Anlatacaklarımı kabul etmeyeceğini düşünmeden, kabul ettiğinin hüsn-ü zannı ile seni, evet seni, ayet-i kerimede geçen “Biz insanı en güzel surette yarattık“ (Tin, 4) Hakk[1] kelâmının “en güzel surette“ müjdeli beyanı ile görmekte olacağım kavil âleminde, hayal cennet bahçemde, en güzel surette.

Bu tasavvur üzeri seni var kılmak karşımda, belki bir parça saçmalık gibi gelir sana. Lakin bil ki anlatacaklarım evrensel olan Hak, hakikat ve gerçeklerdir. Bu sebepten dolayı, kalb-i selim olarak kabulde olan sen olduğun için, hüsn-ü zann ile hitap ettiğim seni, muhatap almış olarak surete getireceğim anlatacaklarımla.

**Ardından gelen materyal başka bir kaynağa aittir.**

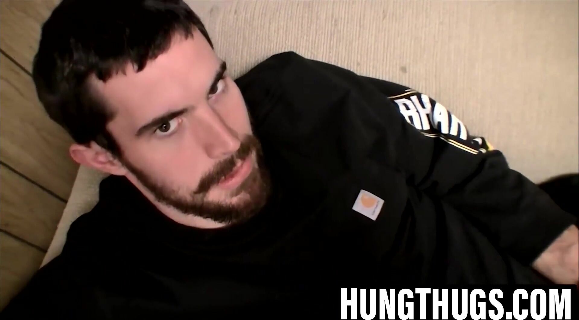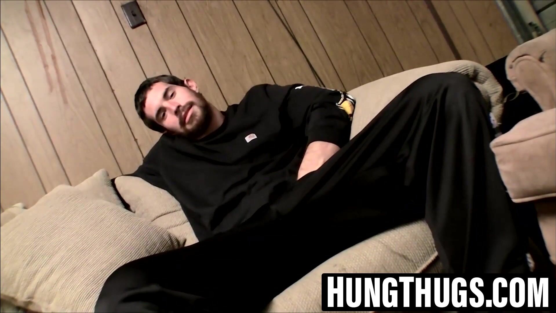 Bearded beefy Hunter drains off solo for his greedy devotees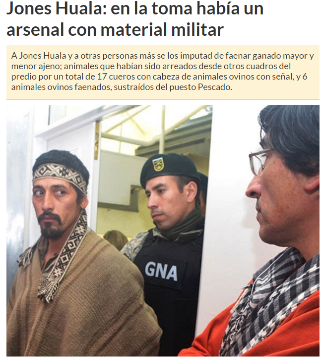 El delincuente no es Jones Huala a quien estigmatizó la derecha criminalizándolo junto a los Pueblos Originarios, este es el trabajo fino de las corporaciones, del capitalismo salvaje para crear un mito tan grande que pueda tapar que se robaron la Patagonia y Chubut por sus recursos naturales.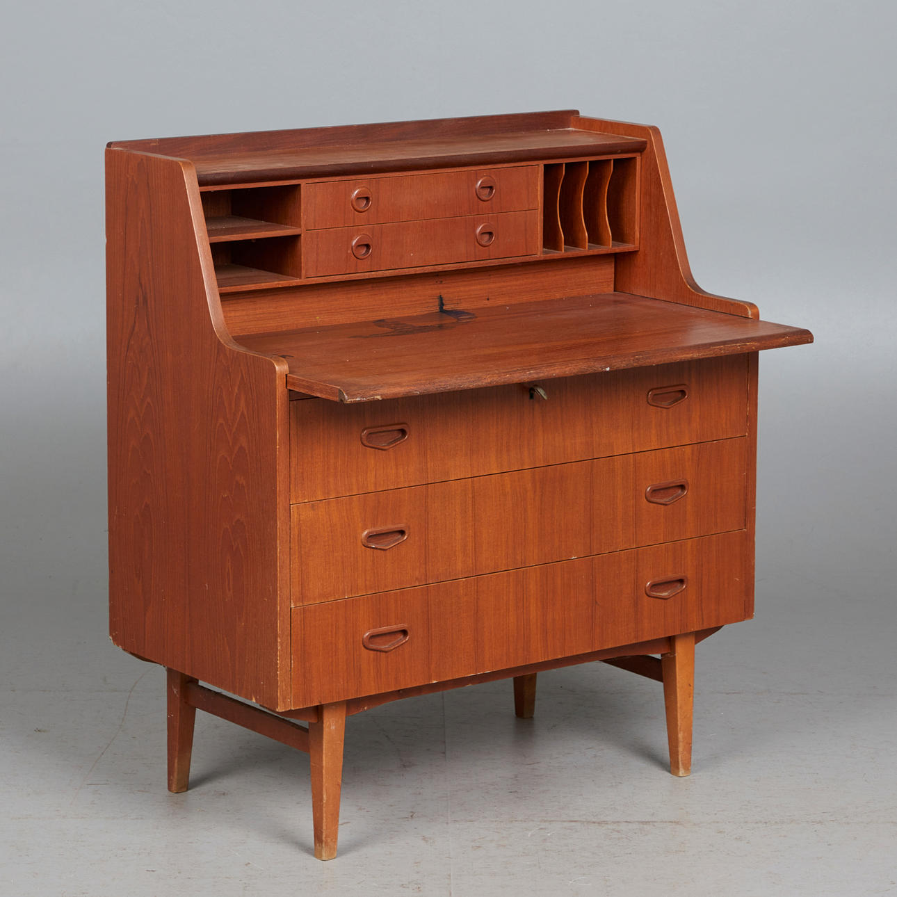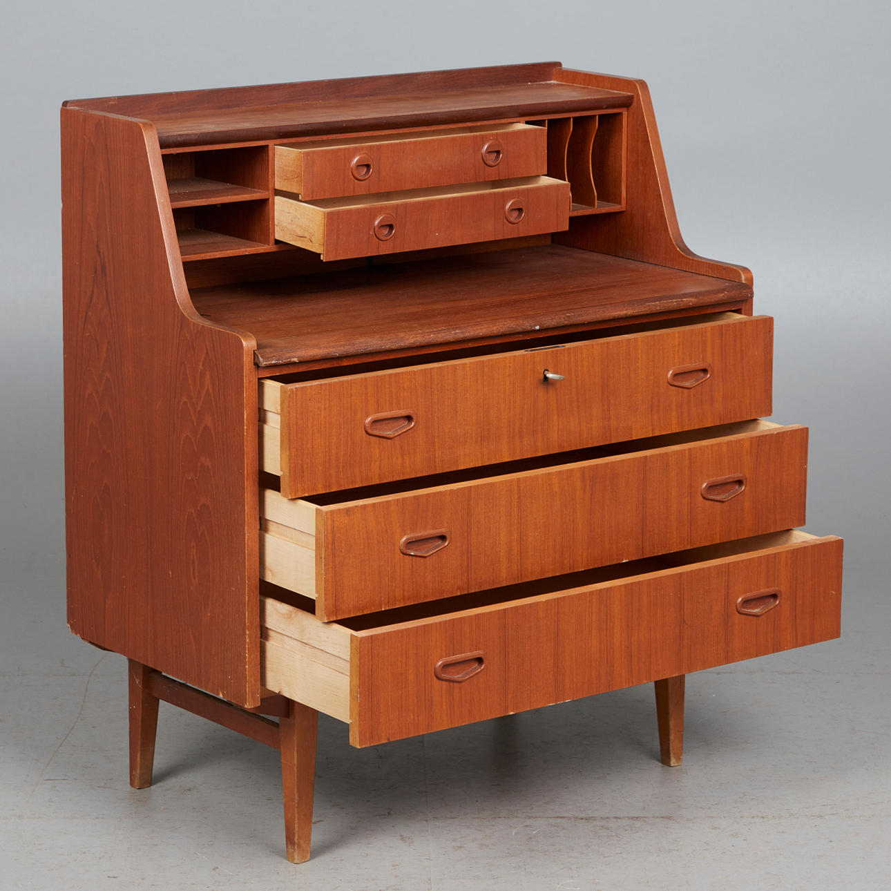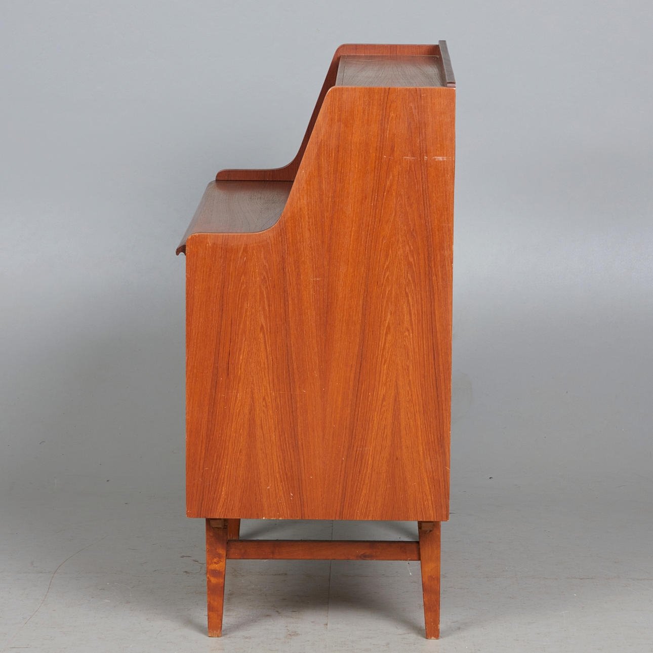 KÖKSSKÅP, teak, 1960-tal. Glaserad teakbyrå med fyra koniska, stagade ben och tre lådor, utrustad med ett fäste med sex fack och två lådor, H.100cm, L.89cm, W.47cm.

Sonunda seni var kılmak karşımda, aslında kendi varlığımın bir dışlaşması olarak kendimi var kılışım olacak senin üzerinden. Bu var oluşun zorunlu doğası! Nasıl ki her var, var ettikçe varlığı ile varlığından olarak, var ettiği yeni var üzerinde hem varlığıyla dışlaşmakta olarak varlık vererek varlık bulmakta hem de yeni var ile karşıt ilişkide olarak karşıtların zorunlu olarak birbirini var kılışının zorunluluğu sebebiyle birbirine varlık vererek varlık bulmakta ise; ben senin ile sen de benim ile bu yasa üzeri varlık bulacağız.

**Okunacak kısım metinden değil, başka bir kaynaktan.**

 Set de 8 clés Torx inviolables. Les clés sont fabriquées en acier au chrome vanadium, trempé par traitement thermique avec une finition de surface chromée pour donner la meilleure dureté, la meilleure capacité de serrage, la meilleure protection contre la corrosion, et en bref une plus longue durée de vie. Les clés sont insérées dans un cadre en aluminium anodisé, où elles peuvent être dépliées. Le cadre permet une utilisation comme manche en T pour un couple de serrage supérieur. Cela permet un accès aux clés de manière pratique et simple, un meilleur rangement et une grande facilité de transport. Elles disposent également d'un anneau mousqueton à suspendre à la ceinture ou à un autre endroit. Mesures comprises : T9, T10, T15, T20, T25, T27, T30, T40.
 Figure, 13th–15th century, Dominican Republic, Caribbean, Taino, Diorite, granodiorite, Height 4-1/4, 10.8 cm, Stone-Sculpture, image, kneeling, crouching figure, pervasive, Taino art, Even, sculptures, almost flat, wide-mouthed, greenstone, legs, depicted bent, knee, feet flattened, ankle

Bil ki, varlık bulduğumuz hakikat aynı hakikat ve gerçekleri olduğu için, aynı hakikat üzeri varlık bulan biz, öz zemininde özdeş olan “Bir” varlığız sonuçta. Başka bir deyişle, sen bensin, ben de senim aslında. Eş deyişle de öz zemininde özdeş olmak, kendilikte birliği bulmaktır. Ben sana hitap ederken sıfat ve karakter belirimlerinde ne kadar farklı dursak da özde kendimi muhatap almaktayım. Kendi kendini var kılmak da böylesi gerçekleşen ikili gerçeklilikte aslında bundan ibaret.

“Ben” dediğim için nefsimden yana benliğe düşerek kendime varlık verdiğimi zannetme. Ben hakikati söylemekteyim “Ben” demekle. Ben seni var kılışımla sendeki ben olmaklığım üzeri Ben’im; sendeki ben olmaklığım üzerinden ben olmaktayım. Bu hadise aynı şekilde senin için de geçerli olmaklığı ile zorunlu bir paradoks olarak çıkmaz sokak! Kabul etsen de, etmesen de!

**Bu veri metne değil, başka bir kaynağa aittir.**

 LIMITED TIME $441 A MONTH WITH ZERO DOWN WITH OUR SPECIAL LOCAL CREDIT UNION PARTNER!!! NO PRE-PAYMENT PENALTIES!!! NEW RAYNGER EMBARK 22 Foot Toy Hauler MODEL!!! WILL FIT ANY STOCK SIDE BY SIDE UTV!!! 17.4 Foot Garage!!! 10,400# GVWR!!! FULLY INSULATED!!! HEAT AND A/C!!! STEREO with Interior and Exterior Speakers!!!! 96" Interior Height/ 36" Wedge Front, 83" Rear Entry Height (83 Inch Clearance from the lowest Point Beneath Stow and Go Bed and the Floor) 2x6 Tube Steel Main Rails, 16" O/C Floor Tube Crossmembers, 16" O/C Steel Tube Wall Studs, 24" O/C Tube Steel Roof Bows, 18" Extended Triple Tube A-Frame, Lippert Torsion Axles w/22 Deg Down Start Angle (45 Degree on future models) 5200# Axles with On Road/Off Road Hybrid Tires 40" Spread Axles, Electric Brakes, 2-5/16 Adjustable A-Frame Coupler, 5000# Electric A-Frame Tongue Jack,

Suretin suretime benzedi hayalimde şimdiden. Hala peşin bir söylev! Lakin sen karar ver, ders oluşunda anlatacağım hakikat ve gerçeklerinden sonra; senin ben, benim ise sen olduğun hakkında. Kararın ne olursa olsun, bil ki benim için fark etmez. Çünkü ben hep sen olacağım sende varlık buluşumla biz olarak, istesen de istemesen de.